**AIM OF THE EXERCISE**
What you write must match, character for character, the lines from the one with "Clearly, she has" down to the one with "МИФ 3. БЕЗВРЕДНЫ?" in the listing below, minus its pictures.

**AVAILABLE DATA**
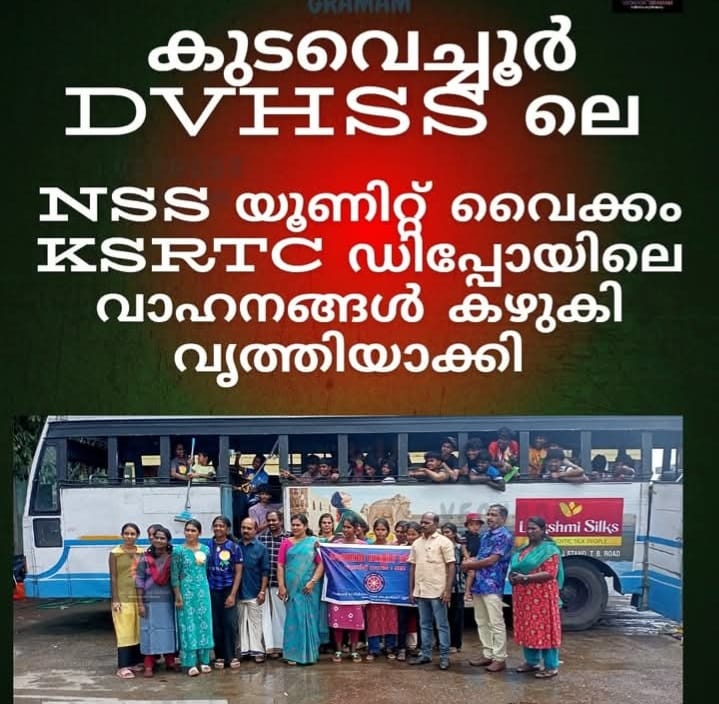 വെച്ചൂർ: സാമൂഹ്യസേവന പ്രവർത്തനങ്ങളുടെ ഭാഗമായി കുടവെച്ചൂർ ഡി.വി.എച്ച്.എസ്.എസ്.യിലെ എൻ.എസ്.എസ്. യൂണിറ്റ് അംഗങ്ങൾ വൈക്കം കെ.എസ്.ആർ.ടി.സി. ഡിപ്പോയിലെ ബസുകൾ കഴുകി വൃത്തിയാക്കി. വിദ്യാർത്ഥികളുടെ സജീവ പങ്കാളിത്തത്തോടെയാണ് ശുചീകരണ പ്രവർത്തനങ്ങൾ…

...

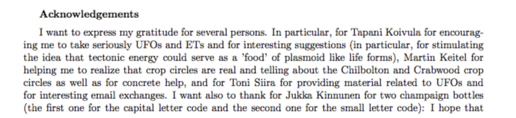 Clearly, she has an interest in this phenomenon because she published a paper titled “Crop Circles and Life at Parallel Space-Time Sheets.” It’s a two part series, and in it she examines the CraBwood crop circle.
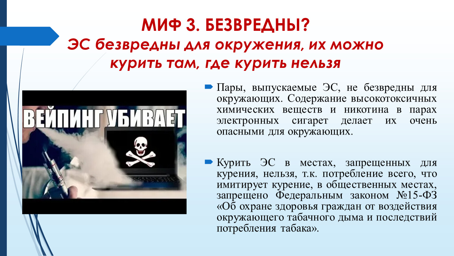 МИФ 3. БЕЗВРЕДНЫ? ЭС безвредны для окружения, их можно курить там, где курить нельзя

**ANSWER FOR THE TASK**
 Clearly, she has an interest in this phenomenon because she published a paper titled “Crop Circles and Life at Parallel Space-Time Sheets.” It’s a two part series, and in it she examines the CraBwood crop circle.
 МИФ 3. БЕЗВРЕДНЫ? ЭС безвредны для окружения, их можно курить там, где курить нельзя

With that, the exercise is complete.